Prove $\sum_{k=1}^n\frac{1}{n+k} \geq \frac{7}{12}$

Question

For all integers $n\geq2$,

$$\sum_{k=1}^n\frac{1}{n+k} \geq \frac{7}{12}$$

How would you prove this by induction?

Answer 1

$$\sum_{k=1}^{n}\frac{1}{n+k} = H_{2n}-H_{n}$$ are the terms of an increasing sequence, since $$ H_{2n+2}-H_{n+1}-H_{2n}+H_n = \frac{1}{2n+2}+\frac{1}{2n+1}-\frac{1}{n+1} = \frac{1}{(2n+1)(2n+2)}>0.$$

Answer 2

By induction you can do:

$$\sum_{k=1}^{n+1}\frac{1}{n+1+k}=\sum_{k=1}^n\frac{1}{n+k} -\frac{1}{n+1}+\frac{1}{2n+1}+\frac{1}{2n+2}=\\ =\sum_{k=1}^n\frac{1}{n+k}+\frac{1}{(2n+1)(2n+2)}\ge \frac{7}{12}+\frac{1}{(2n+1)(2n+2)}\ge \frac{7}{12}$$

Answer 3

If $s_n = \sum_{k=1}^n\frac{1}{n+k} $, then

$\begin{array}\\ s_{n+1} &= \sum_{k=1}^{n+1}\dfrac{1}{n+1+k}\\ &= \sum_{k=2}^{n+2}\dfrac{1}{n+k}\\ &= \sum_{k=2}^{n}\dfrac{1}{n+k}+\dfrac1{2n+1}+\dfrac1{2n+2}\\ &= \sum_{k=1}^{n}\dfrac{1}{n+k}-\dfrac1{n+1}+\dfrac1{2n+1}+\dfrac1{2n+2}\\ &= s_n+\dfrac{(2n+1)+(2n+2)-2(2n+1)}{(2n+1)(2n+2)}\\ &= s_n+\dfrac{1}{(2n+1)(2n+2)}\\ \end{array} $

Therefore $s_{n+1} > s_n$, so $s_n$ is increasing.

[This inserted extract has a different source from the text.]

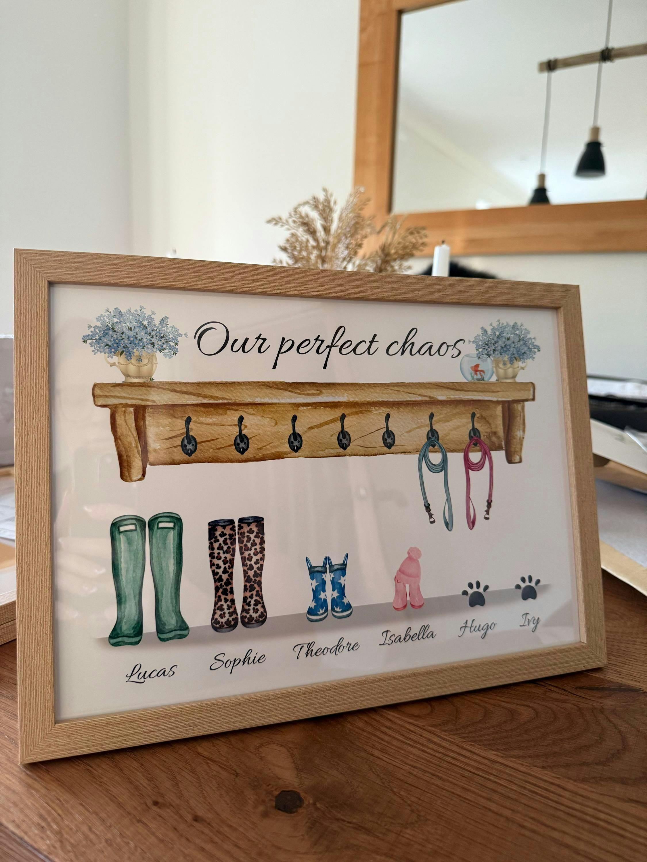 Celebrate the warmth and individuality of your family with this Personalised Family Print—a truly special piece of home decor that doubles as a heartfelt family gift idea. Thoughtfully designed with rustic accents and charming details, it’s a wonderful way to showcase each family member (including pets!) in a timeless illustration.

Therefore, if $n > m$, $s_n > s_m$.

Note that we can bound $s_n$ because

$\begin{array}\\ s_{n+1} &= s_n+\dfrac{1}{(2n+1)(2n+2)}\\ &< s_n+\dfrac{1}{(2n)(2n+2)}\\ &< s_n+\frac14\dfrac{1}{n(n+1)}\\ &< s_n+\frac14(\dfrac1{n}-\dfrac1{n+1})\\ \end{array} $

so that $s_{n+1}-s_n < \frac14(\dfrac1{n}-\dfrac1{n+1}) $.

Summing, $\sum_{k=1}^{m-1}(s_{n+k+1}-s_{n+k}) < \sum_{k=1}^{m-1}\frac14(\dfrac1{n}-\dfrac1{n+1}) $ or $s_{n+m}-s_n \lt \frac14(\frac1{n}-\frac1{n+m}) \lt \frac1{4n} $.

Therefore, $\lim_{n \to \infty} s_n$ exists, and, if $S=\lim_{n \to \infty} s_n$, $S < s_n +\dfrac1{4n}$.

We can similarly get a lower bound on $s_n$ and, therefore, a lower bound on $S$ in terms of $n$ and $s_n$.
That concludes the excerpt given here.